Ora. Mesmo quando alguém ensina num colégio uma matéria equivocadamente, em prejuízo dos alunos, a ideia não poderia ser “a da simples excomunhão pelo cheiro de heresia” que os inquisidores transformaram em lei. Professores que ensinam errado devem ser reciclados e não expulsos. Abra-se um conselho e todos o ouçam, como sugeria Gamaliel e a Torah, e depois vejam se se tratava de fato de um erro intencional, ou de mera ignorância. Se se deu esta última, recicle-se e evite-se mais um desempregado. Se foi erro intencional, veja-se se a visão do “herege” não foi mais longe, e não se dê o caso de ele haver mostrado algo além, e não aquém, para seus alunos. Afinal, líder algum pode ver tudo e, a rigor, a verdade ainda está a se revelar, e surpresas são a bola da vez em qualquer situação de busca do saber.

Quem sabe aquilo que o vulgo chama de heresia não possa ser a pura e divina luz do Mistério que Deus usou para falar por meio de um instrumento insuspeito por sua aparente incapacidade? E assim a minha experiência foi sendo vivida, e a cada nova igreja uma nova dor surgia, com feridas e agressões violentas e revoltantes, cujo futuro ficava na conta de curas que certamente só a Pátria Celestial poderia efetuar. Nem preciso lembrar de coisas como injúrias e calúnias, pois estas são “delicadezas” típicas dos homens sem alma, e Paulo disse que tais coisas nem se nomeiam entre cristãos. Refiro-me a processos dolorosos de desmoralização de uma reputação em meio fraterno, sem que tal violência nem de longe chegue a acusar a consciência de pastores e teólogos, como se somente eles fossem usados por Deus, e suas gargantas jamais merecessem o “vade retro” que Jesus deu a Pedro (muito melhor líder e pregador que eles!).
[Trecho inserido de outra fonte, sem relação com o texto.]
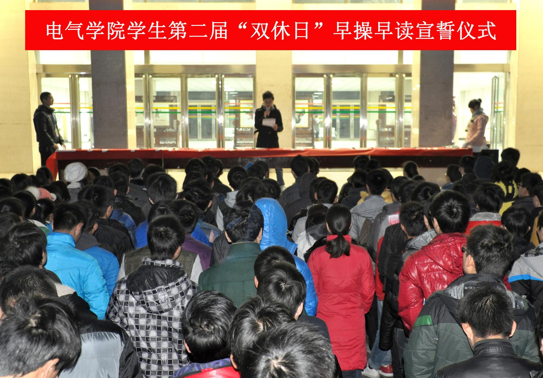 11月30日上午6:30,wepoker下载 2013级学生自发组织的第二届“双休日”早操早读宣誓仪式在三号教学楼前举行。该院2013级459名自愿参加“双休日”早操早读学生参加宣誓仪式。
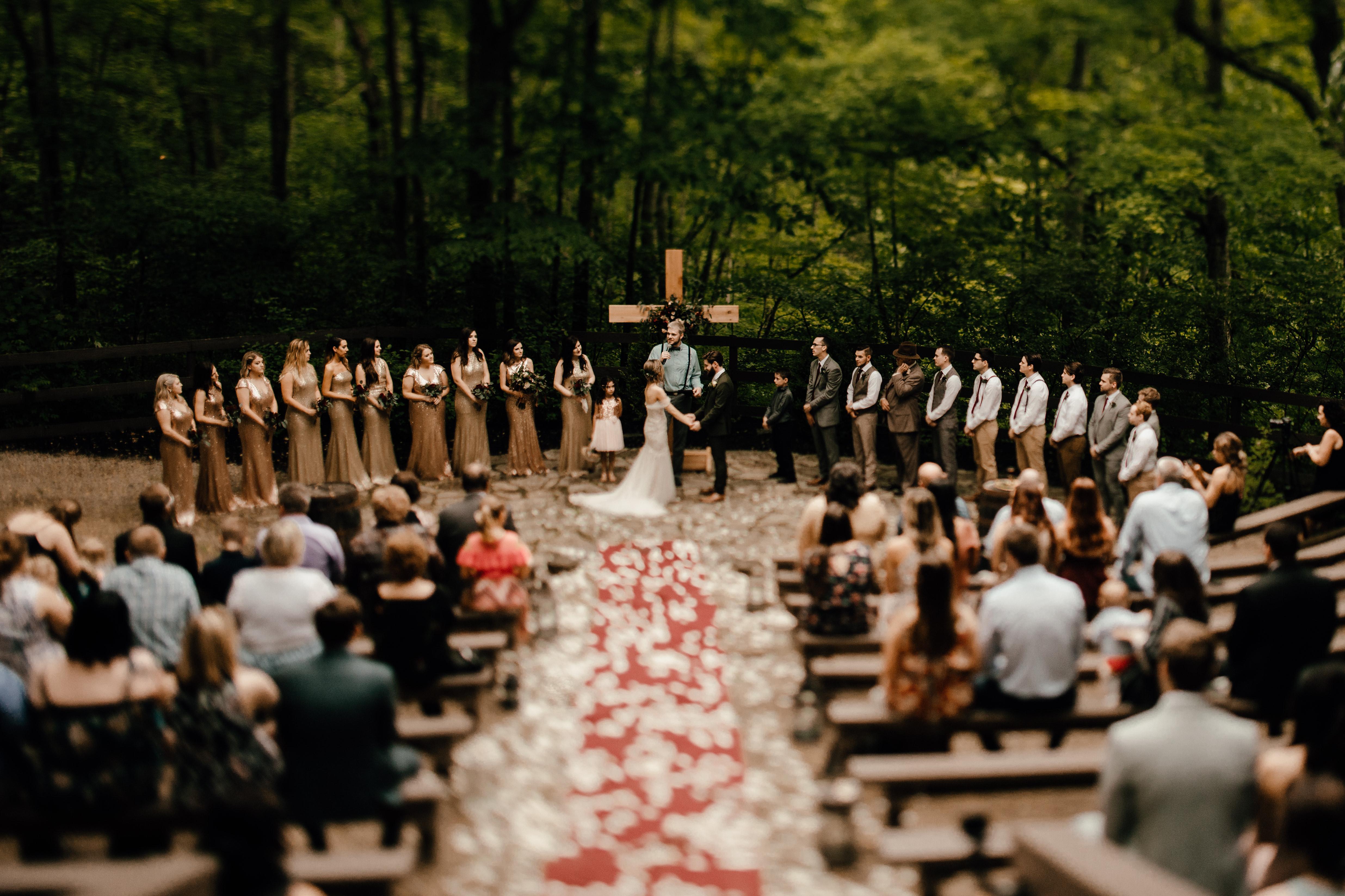Timeless Charm Weddings is set on 83 beautifully wooded acres in Southwest Ohio, a short drive from Dayton or Cincinnati. We have many unique sites including a swinging bridge, beautiful waterfall, magnificent stream, natural spring fed pond with fountain, and a majestic forest canopy. You can say your “I dos” at one of two amphitheaters, or in our charming open-air chapel. The Grand Lodge boasts a floor to ceiling fireplace, chandeliers, and a beautiful wood and stone interior. Outside you’ll find a covered pavilion perfect for cocktail hour and a relaxing firepit as your day winds down. Our open-air Waterfront Veranda is perfect for couples who wish to remain immersed in an outdoor, intimate setting. Illuminated by elegant lighting, your celebration will continue at the dockside bar with stunning views overlooking the water. We offer on-site lodging at one of our many beautifully appointed chalets. Ideal for bridal parties, out of town guests, and family.
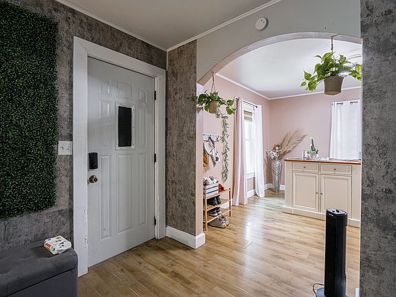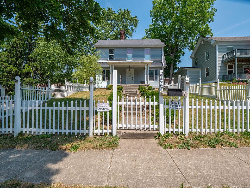 So much charm in this home with its unique architecture and original woodwork throughout and hardwood floors upstairs. Solid bones and so much potential, this home just needs a little sweat equity to really shine. Lots of windows and natural light, making it light and airy. A big fenced in corner lot make this home an ideal place for pets. Relax, entertain company, and enjoy being outdoors with three covered porches and a big deck with pergola that stays. The basement offers ample storage space and a walkout access through the garage making moving stuff in and out a breeze. Prime location with restaurants, shopping, bars, and DePauw University just within a 10-15 minute walk.

Enfim, isto tudo foi crescendo como chagas abertas na minha alma e chegou a um ponto em que a doença alcançou a ausência terrestre do remédio, modificando minha maneira comum de falar e dando-me o ar de eterno revoltado contra fantasmas distantes, prejudicando os ouvintes atuais que nada têm a ver com as inquisições de meu passado (nada têm a ver? Será mesmo?)…
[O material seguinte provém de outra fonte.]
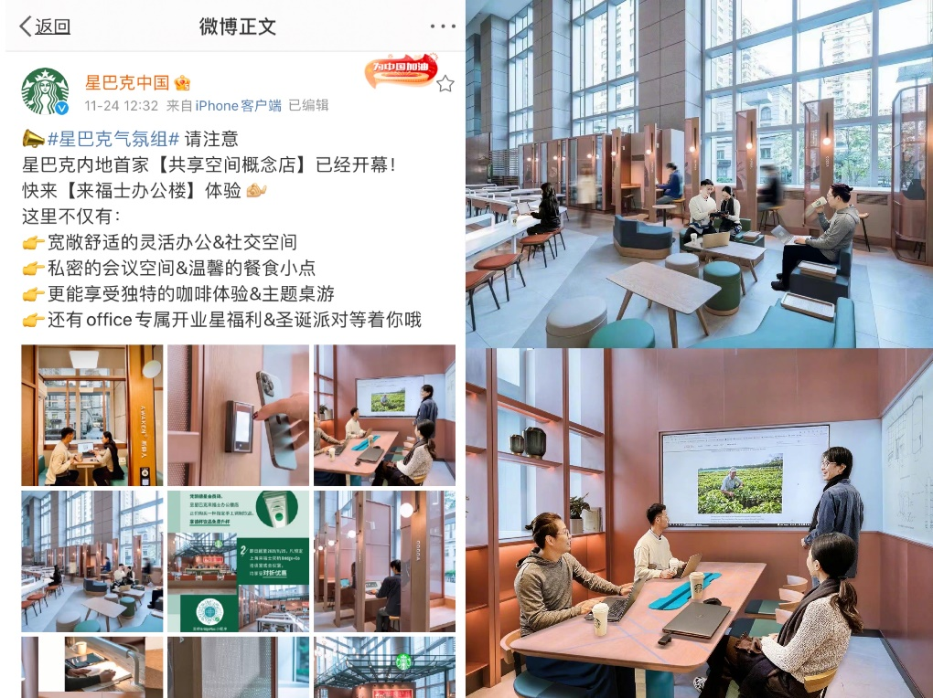 在其共享空間概念店開業(yè)后,“星巴克中國”官方微博還發(fā)布微博,“星巴克氣氛組請(qǐng)注意,星巴克內(nèi)地售價(jià)共享空間概念店已經(jīng)開幕,快來來福士辦公樓體驗(yàn)!”
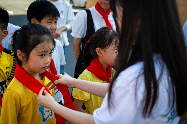 生逢盛世,肩扛重任,不负青春,不负韶华。红色传统教育要从娃娃抓起,实践团走进乡村,走进留守儿童内心,为农村留守儿童开展党史教育,让红色基因深深根植于青少年的心灵,引导其树立正确的世界观、人生观、价值观。站在校园外,实践团成员为留守儿童戴上红领巾,与少先队员们进行互动。步入课堂中,志愿者老师带领孩子们歌唱少先队队歌,昂扬的队歌让孩子们兴奋不已。党史小故事和红军长征故事被志愿者们讲述得有温度、有启发。孩子们聚精会神听着,对红色文化有了更深入的认识。

O problema é que enquanto não houver uma verdadeira revolução na Educação Religiosa das igrejas e seu minucioso acompanhamento por parte de um aplicado estudo bíblico doméstico, além de uma boa dose de estudo teológico de vanguarda, todos os crentes serão no fundo inquisidores, promovendo a intolerância bíblico-teológica contra qualquer alma que ousar explicar o “a-b-c” por um alfabeto diferente ou mesmo em caixa alta (A-B-C).
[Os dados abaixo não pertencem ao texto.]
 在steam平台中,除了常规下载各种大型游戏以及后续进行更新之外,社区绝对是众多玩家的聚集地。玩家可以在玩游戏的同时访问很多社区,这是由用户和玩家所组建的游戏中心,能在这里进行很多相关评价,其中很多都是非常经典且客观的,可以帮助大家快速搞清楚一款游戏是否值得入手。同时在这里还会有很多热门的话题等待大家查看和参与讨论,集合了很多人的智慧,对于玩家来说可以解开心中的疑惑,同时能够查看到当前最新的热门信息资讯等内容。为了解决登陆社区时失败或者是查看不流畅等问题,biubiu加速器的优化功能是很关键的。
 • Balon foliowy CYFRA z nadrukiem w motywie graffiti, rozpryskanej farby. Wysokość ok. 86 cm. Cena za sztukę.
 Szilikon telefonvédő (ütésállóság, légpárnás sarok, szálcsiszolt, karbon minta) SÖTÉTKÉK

Isto constitui o momento em que cada denominação constrói muros de intolerância ao redor daquilo que chamam de “seu corpo doutrinário”, e ai daqueles que ultrapassarem seus limites, como se houvesse no mundo qualquer corrente capaz de prender o Espírito que sopra aonde quer, tal qual os ventos. Ninguém concebe um Evangelho 100% livre como águia, feito para voar às alturas e sem distinguir qualquer denominação, formando apenas um Cristianismo único, no qual a palavra final não seja a do pastor, mas a da Razão baseada na lógica da fé. Cercando-se de todos os cuidados neste mister, as igrejas formaram quartéis, os quais Jesus queria que lutassem contra o diabo, mas que nelas agora lutam soldados ignorantes, uns contra os outros.

Eis a razão da revolta! Eis a ferida exposta! Por que cargas d’água um cristão deveria sofrer tanto pelas mãos de outro cristão? Por que os pastores criaram um verdadeiro reino unilateral e monocrático, onde só a palavra deles é a lei e a verdade? E quem disse que essas igrejas, verdadeiras fortalezas de vaidade e vacuidade, deveriam se encastelar de tal modo contra a doce voz do Espírito Santo, que sempre inspirou gente pobre e sem expressão?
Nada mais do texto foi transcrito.